■ Material for the task
....................
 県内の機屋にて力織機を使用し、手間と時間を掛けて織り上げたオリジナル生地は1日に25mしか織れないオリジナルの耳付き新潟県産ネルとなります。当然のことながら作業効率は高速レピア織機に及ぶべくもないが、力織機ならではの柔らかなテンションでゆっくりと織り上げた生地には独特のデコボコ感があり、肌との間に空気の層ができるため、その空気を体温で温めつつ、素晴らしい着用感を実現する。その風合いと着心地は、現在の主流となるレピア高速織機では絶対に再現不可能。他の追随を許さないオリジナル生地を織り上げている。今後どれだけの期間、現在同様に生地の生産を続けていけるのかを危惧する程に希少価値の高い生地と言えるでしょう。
....................
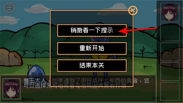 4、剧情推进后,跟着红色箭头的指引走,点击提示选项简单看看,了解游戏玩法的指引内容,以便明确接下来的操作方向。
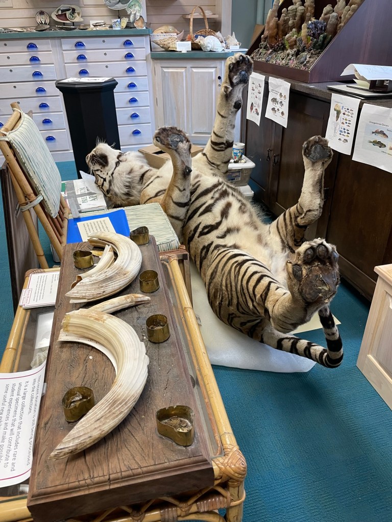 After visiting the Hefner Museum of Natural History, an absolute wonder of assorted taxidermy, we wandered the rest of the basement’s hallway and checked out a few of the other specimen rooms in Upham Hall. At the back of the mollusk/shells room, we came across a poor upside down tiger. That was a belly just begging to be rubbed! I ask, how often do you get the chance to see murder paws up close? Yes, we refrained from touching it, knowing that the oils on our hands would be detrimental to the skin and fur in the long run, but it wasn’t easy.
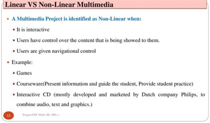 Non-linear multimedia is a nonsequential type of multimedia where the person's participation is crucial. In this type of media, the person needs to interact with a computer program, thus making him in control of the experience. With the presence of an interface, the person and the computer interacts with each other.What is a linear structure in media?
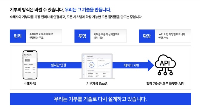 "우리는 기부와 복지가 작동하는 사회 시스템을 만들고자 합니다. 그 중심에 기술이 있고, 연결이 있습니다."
....................
Would you write out exactly the lines above, starting at the line containing "Non-linear multimedia is" and stopping after the line containing "기부와 복지가 작동하는"? Omit the pictures.

 Non-linear multimedia is a nonsequential type of multimedia where the person's participation is crucial. In this type of media, the person needs to interact with a computer program, thus making him in control of the experience. With the presence of an interface, the person and the computer interacts with each other.What is a linear structure in media?
 "우리는 기부와 복지가 작동하는 사회 시스템을 만들고자 합니다. 그 중심에 기술이 있고, 연결이 있습니다."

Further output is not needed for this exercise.